As if to highlight the very error that started this mess - well, in his case - Haymitch refills his glass and then just swigs from the bottle.

"That's neither here nor there. Hazelle should've known well before the rest of us, if you ask me. Maybe now she can pull his ear away from the folk who stoked him up too hot." From what Haymitch knows about Sae's late son, he assumes the sentiment is from experience. "Who I can only hope get justice one day," she adds, grimmer.

"The time for trials are over. Everyone who's left has the power to be on it, not in it," Haymitch explains dryly. He's already drank through this unpleasant realization a few times over. He might have to lend Sae a bottle to get through it, too.

She folds her bony arms, looking more disappointed now. "So nothing's changed. This country's still covered in young blood, and everyone who knows it doesn't mind as long as the blasted war ended in their favor. Even one of our own wanted to fight fire with fire - after he just learned how quickly it can catch and destroy what little we have." She shakes her head and turns back to the sink.

"Ended the war in our favor," Haymitch corrects. He can only imagine her outrage if he'd also shared Coin's plan for a final Hunger Games of Capitol children, when their blood - thirteen arenas' worth - was already spilt a month prior. "Look, you're right that what happened didn't give us as clean a start as we wished. But don't rub it in Katniss' face. And don't drag people who weren't involved into this, either." Haymitch pauses with his bottle halfway to his mouth. "In other words, don't be like me. I shouldn't have dropped that bomb on you," he catches himself with a wince, "so to speak."

Sae waves a hand. "I know what liquor looks like on someone worried about their kid."

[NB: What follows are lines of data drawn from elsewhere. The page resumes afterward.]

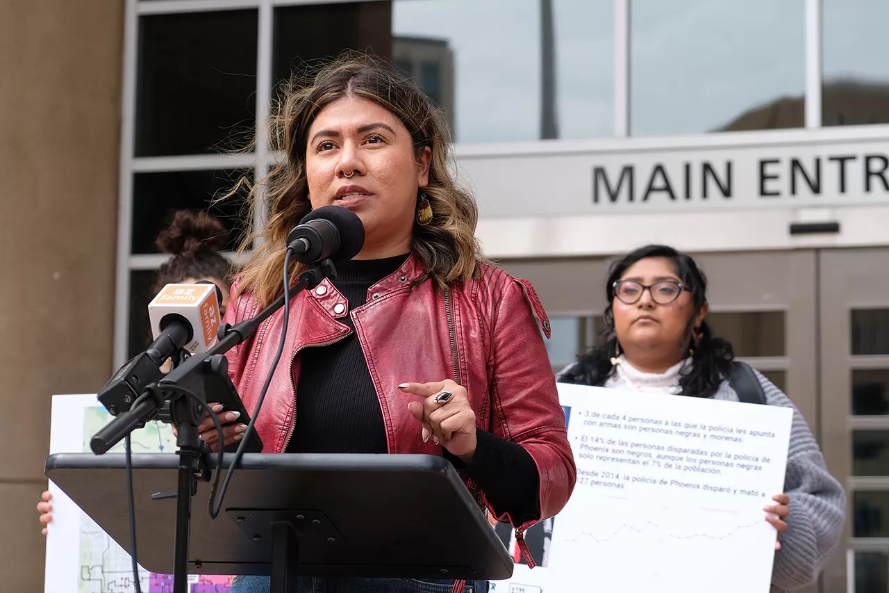 Viri Hernandez, executive director of Poder in Action, during a March 1 event outside Phoenix City Hall.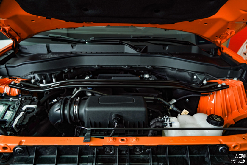 另外作为一台强调越野性能的车子,探险者昆仑巅峰版前包围也经过了重新设计,直接将橙色的拖车钩外露在两旁,并且还配有银色的下护板,实用的同时在野外陷车的时候也能更加方便拖拽车辆脱困,野性的气息一下子就到位了。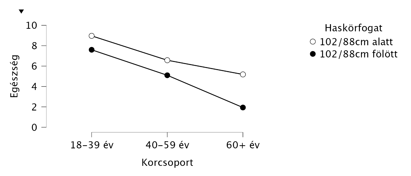 Láthatjuk, hogy ordinális interakcióról van szó, mert „nyíló olló” alakot láthatunk és nincs kereszteződés. Leolvashatjuk az ábráról, hogy a 102/88 cm haskörfogat feletti személyek rosszabb egészségi állapottal rendelkeznek, mint a kritikus szint alattiak, de minél idősebb személyről van szó, a „beesés” annál látványosabb magasabb haskörfogat esetén. Illetve az alacsonyabb haskörfogatnál „lassul” a csökkenés.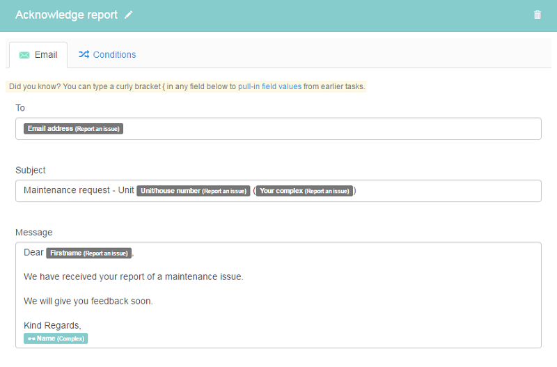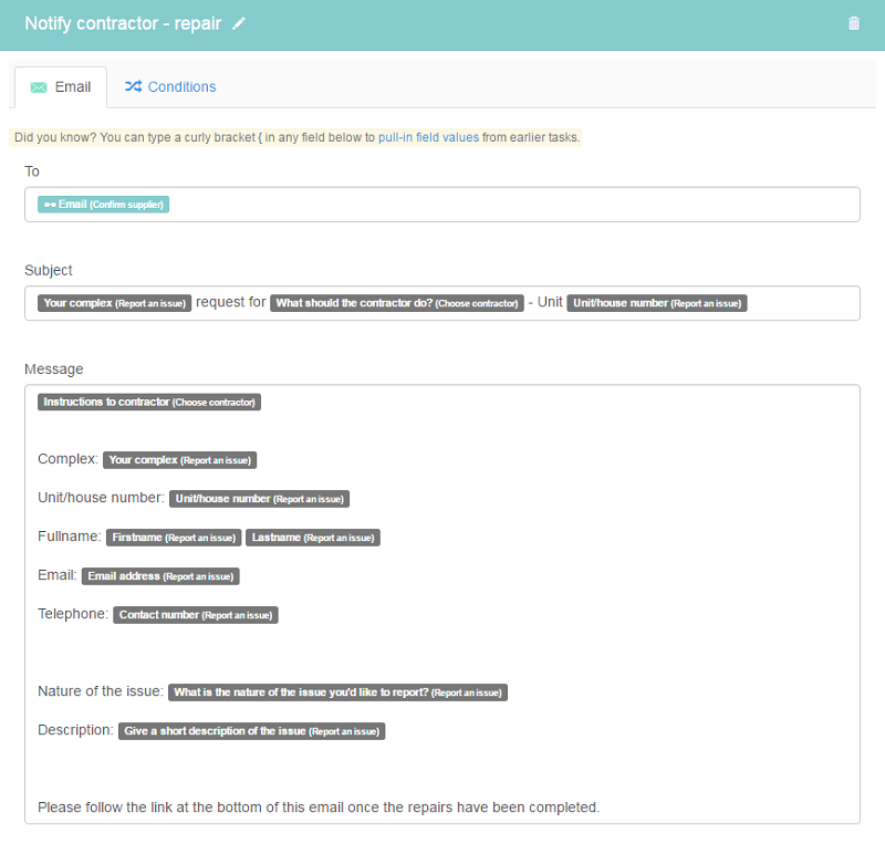 Kotive creates the content of the email by pulling in the owner/tenant's information from the first form in the 'Property maintenance & repairs' workflow - 'Report an issue'.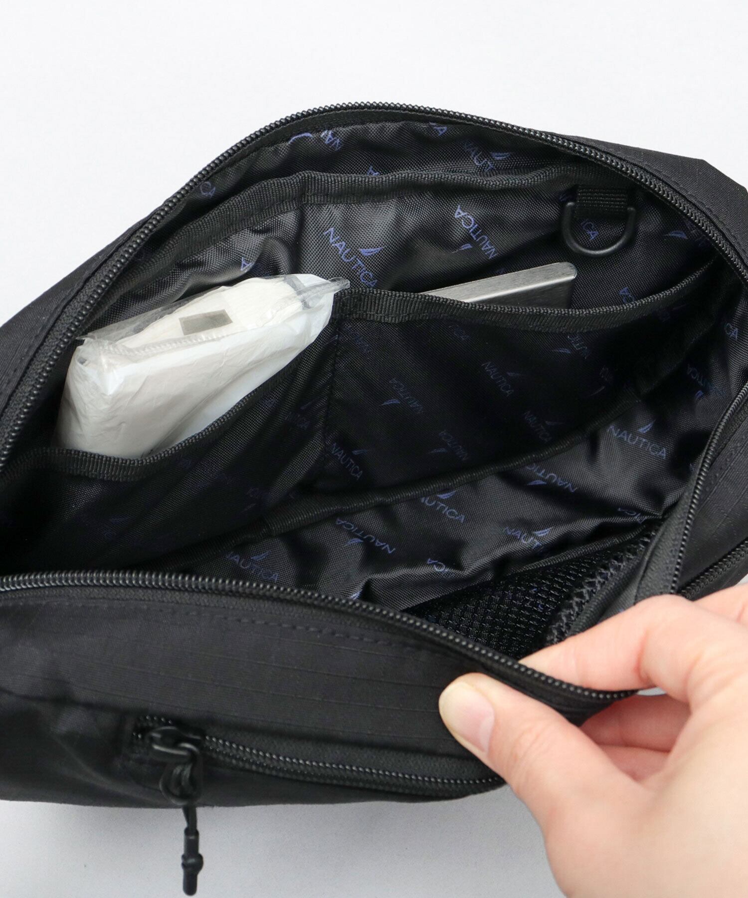 ニューヨークのクロージングブランド“NAUTICA(ノーティカ)”の、ミリタリーテイストな機能性とデザイン性が特徴の新シリーズのウエストポーチ。ミニマルなデザインに、ミリタリーらしいロゴ刺繍入りの面ファスナーがデザインポイント。収納スペースは、いつものお出掛けアイテムをたっぷり、且つ、スマートに持ち運べる丁度良いサイズ感。内部に仕分けに便利な内ポケットを複数完備した整頓上手なアイテム。素材は、細かい格子状の凹凸が特徴的でタフな雰囲気のリップストップ風生地を使用。ショルダーベルトには、ワンタッチで外せるマグネットバックルを採用し、着脱も便利に。タウンユースにはもちろん、アウトドアや旅行など、幅広いシーンで活躍すること間違いなし。

"You know better, too. So you should probably go apologize and fix this. Say you misspoke about something that's really only hearsay to you - hearsay from a bitter drunk who didn't know what day it was, mind you. Blame it all on me if you want."

"I'm not a liar, Haymitch," she tells him, firm. "I spoke out of turn, sure, and I'll apologize for that. But if it's the truth - and you never went back on that - Hazelle had a right to know. Now she can think twice and maybe even get through to her boy."

"How altruistic of you," Haymitch remarks flatly, then sighs. "Fine, whatever. Just quit being an old gossip while you're at it. This is a sensitive matter, you know," he adds with a haughty lift of his chin that earns a low chuckle.

"Something something, not as I do," Sae recites. "But you have my word. Might have to offer some business with clothes for Hazelle to mend so she doesn't shut the door in my face outright."

"Hazelle mends?"

Sae nods. "She's gone around looking for anything to darn. Skipped me, of course."

Haymitch frowns at this bit of news; he pays Hazelle well enough, and he hopes he never gave the impression that he'd fire her. He wouldn't screw her over like that, though the irony if he did isn't lost on him.

"Well, if it gets her to listen to you, by all means." He reaches for another serving of eggs until Sae reminds him Peeta is still dropping by later, and he loses his appetite for food. So now the boy will find him drunk with cold scrambled eggs and no Katniss.

But, even though Peeta will be disappointed, he won't be surprised the girl ran off again. Relapse in any form is as common around here as rain.